March 02, 2004 11:41 AM

It’s looking more likely that Mickey Mouse is about to get a new boss, given the aggressive campaign reportedly underway to oust Walt Disney Company chairman and chief executive Michael Eisner.

According to several new reports — including those in the highly influential Wall Street Journal, New York Times and Los Angeles Times — the changing of the guard could take place as early as Wednesday in Philadelphia at the annual Disney shareholders meeting, where Eisner, 62, who has run the company for 19 years, faces stiff opposition from two former members of the Disney board of directors.

One of those directors is Roy E. Disney, the son of Walt’s late brother Roy, who for years ran the business end of the Disney company for his artistic brother.

In a letter to shareholders on Monday, reports The Times, Roy Disney and Stanley Gold restated their vocal demand to remove Eisner, listing a growing number of public and private investors who have said publicly that they do not intend to support him.

The Journal cited a Disney fan site and said Roy Disney had been in touch with the Webmaster for possible support in getting rid of Eisner, whom Disney had reportedly blamed for selling out the company and cheapening its name with substandard movie and theme-park products. Disney and Gold, as well as several stockholders, are still stinging from Eisner’s $90 million job-severance payout to former agent Michael Ovitz, whose tenure as a Disney executive was short-lived in the ’90s.

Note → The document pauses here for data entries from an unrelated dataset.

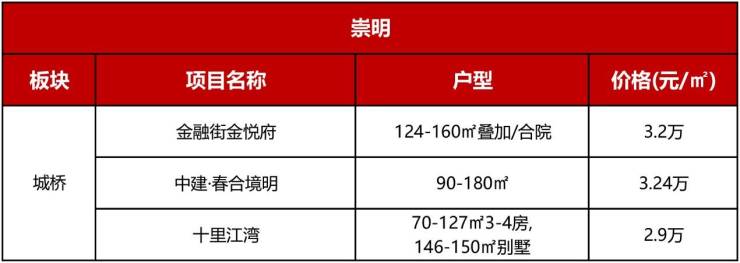 2023年上海土地市场上,崇明“零供应”。2024年新房主要集中在城桥板块,且均为老盘加推,均价2.9万-3.24万/㎡。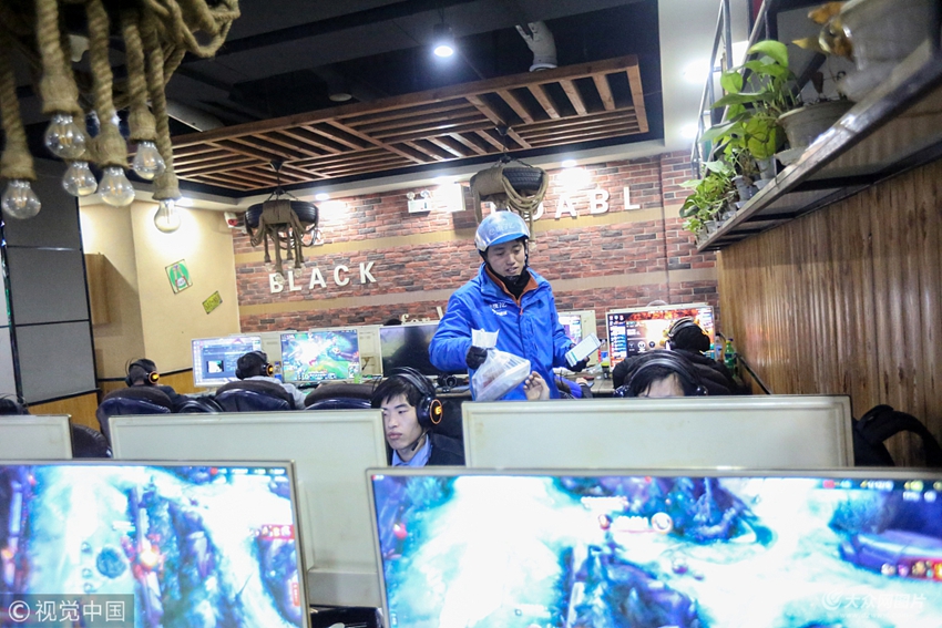 2018年1月1日,濟(jì)南,窯頭路上的一家網(wǎng)吧,一位玩家頭也不回地接過韓化龍手中的外賣。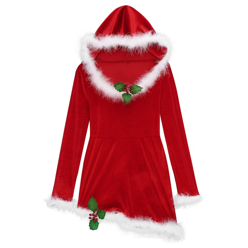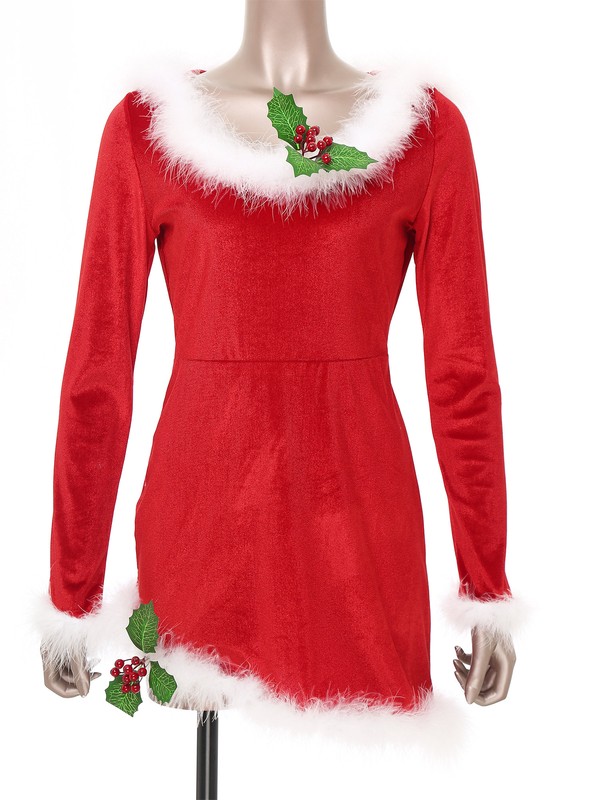 Full of Christmas elements, bright red velvet, plush feather trim, leaves and fruits of holly decoration, bring more fun and pleasant.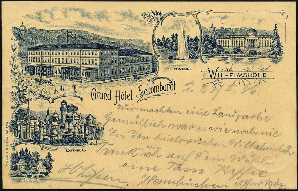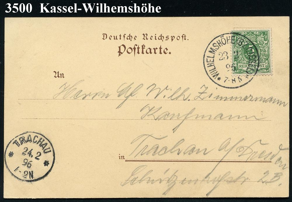 2229 | 30 € | 3500 Kassel Allgem. Belege : Kassel-Wilhelmshöhe 1896 (23.2.) 1K: WILHELMSHÖHE (BZ CASSEL)/** auf monochromer Litho-Ak.: Grand Hôtel Schombardt (+ 4 Ansichten: Schloß, Löwenburg etc.) Bedarf, selten! (Mi.46) | ![]() ![]() | |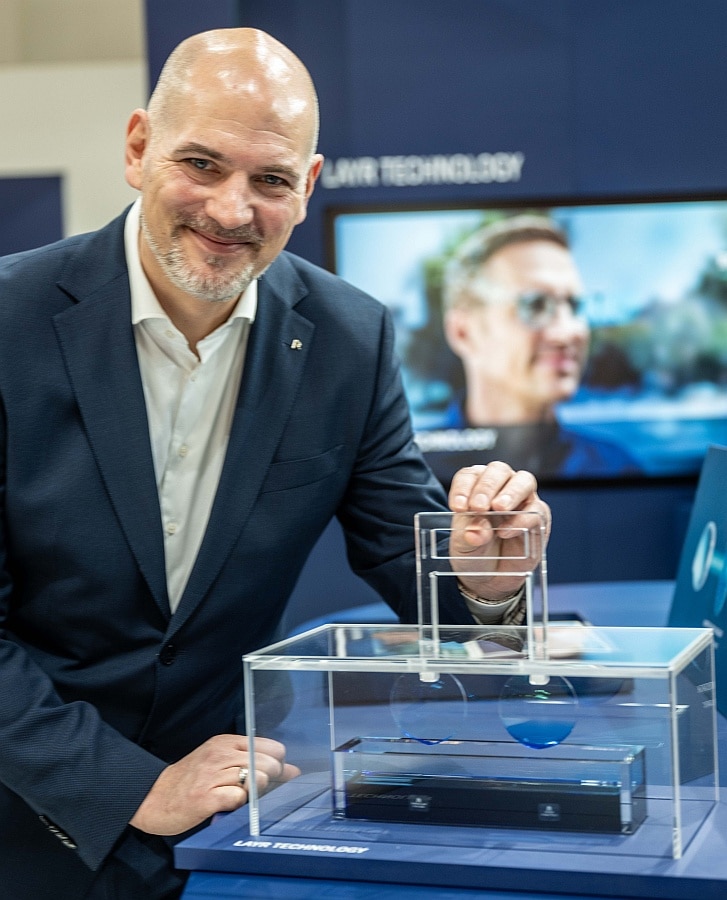 Öffentlich zu bestaunen war die mit der neuen „LayR Technology“ produzierte Veredelung „Solitaire LayR“ erstmals bei der opti 2024. Thomas Pfanner, General Manager für Deutschland und Österreich bei Rodenstock, zeigte am Messestand, bewaffnet mit einer Demo-Tafel und einer Demo-Box, was die neue Beschichtung alles zu bieten hat.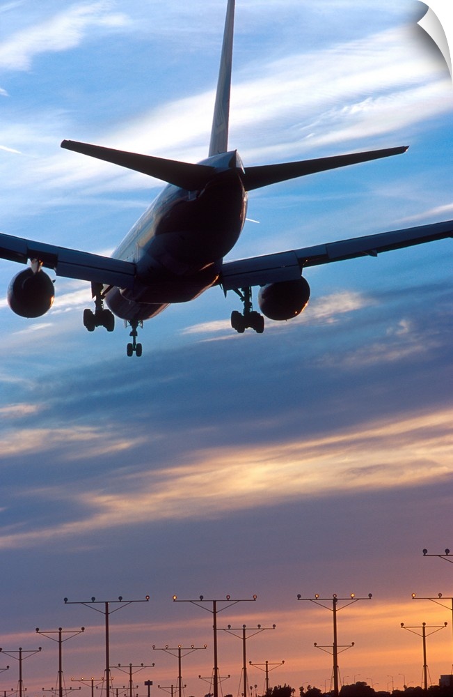 <p>Airplane landing at LAX airport in Los Angeles, California at sunset.</p>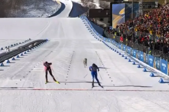 Όπως φαίνεται σε βίντεο που κυκλοφόρησε στα social media και έγινε γρήγορα viral ο σκύλος εισέβαλε στην πίστα και άρχισε να τρέχει με τη γλώσσα έξω πίσω από δύο γυναίκες σκιέρ λίγο πριν περάσουν την γραμμή τερματισμού.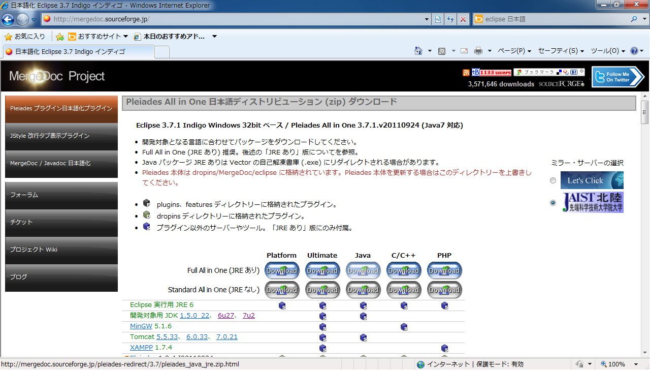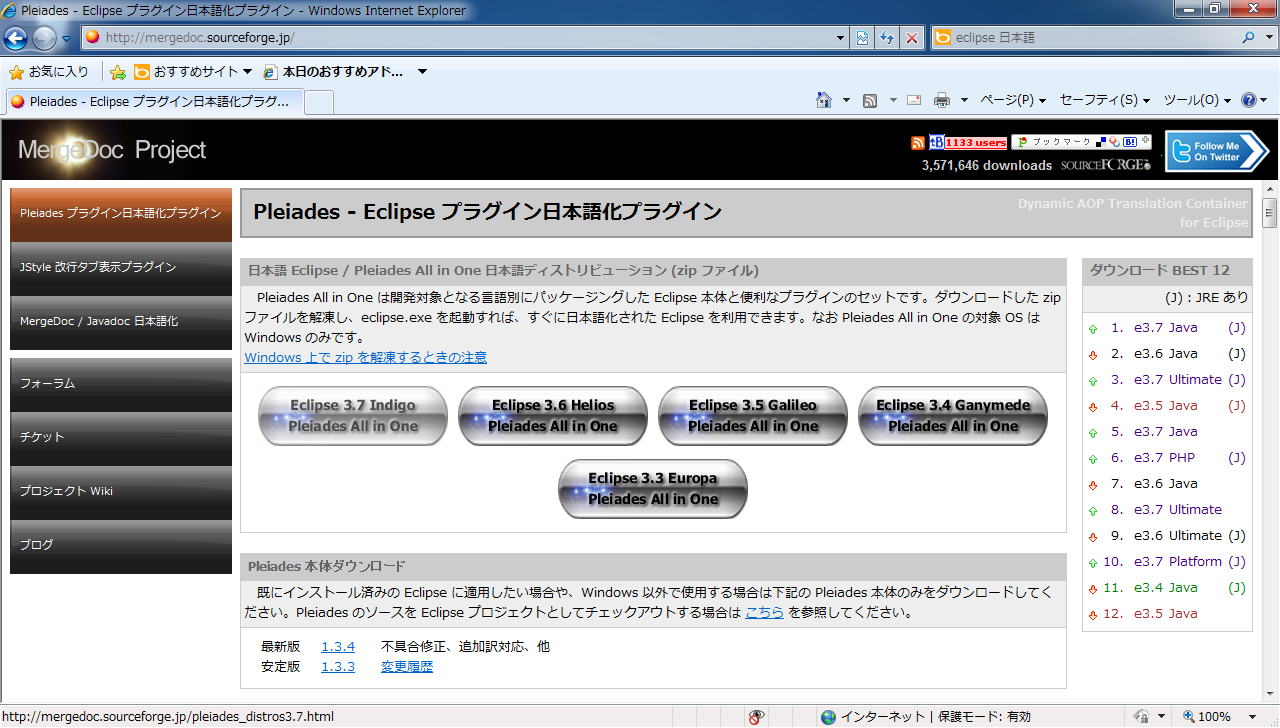 1Webブラウザで「MergeDoc Project」のサイトに行きます。「Eclipse 3.7 Indigo/Pleiades All in One」のボックスをクリックします。

A more recent flare-up was Eisner’s inability to extend his studio’s business relationship with Pixar animation, which has been responsible for some of the company’s greatest hits, including “Finding Nemo.”

Among the shareholders not supporting Eisner are the California Public Employees’s Retirement System (the country’s biggest public pension fund), as well as the public employee retirement systems in Ohio, Connecticut, New Jersey, New York State and North Carolina, The New York Times reports. Similarly, Eisner does not have fans at the mutual fund company T. Rowe Price, the paper says.

The Walt Disney Company, in backing Eisner, issued its own statement on Monday, underscoring the fact that — given the success of such 2003 films as “Finding Nemo” and “Pirates of the Caribbean: The Curse of the Black Pearl” — Disney’s stock had increased 60 percent in the last year.

At a minimum, say most reports, Eisner will be forced to relinquish the title of CEO come Wednesday, and will thus be stripped of some of his powers.

Both the L.A. Times and the Bloomberg financial news service reported that the likely candidate to takeover Eisner’s CEO spot, should it be taken from him, is News Corp. president Peter Chernin, who oversees FOX (both the movie and TV divisions) among several other responsibilities. Bloomberg also suggests longtime media mogul Barry Diller is another possibility for the job.

Meanwhile, in semi-related news, there’s been another uprising, this time at Southern California’s Disneyland, where the 49-year-old Mad Tea Party ride in Fantasyland is being criticized for having been mechanically tamed and made harder to spin.

The Los Angeles Times says that recently a handicapped writer had been injured on the ride (though not seriously), so the Party has been slowed down — prompting its fans to march to City Hall on Disneyland’s Main Street in protest and post hundreds of messages in Internet chatrooms under headings such as “Save the Teacups,” according to the Associated Press.

There’s even reputed talk of a spin-in, if protestors can get the cups twirling.

In a written statement, Disneyland officials, claiming there have been few complaints, insist: “The ride remains entertaining and exciting for guests of all ages.”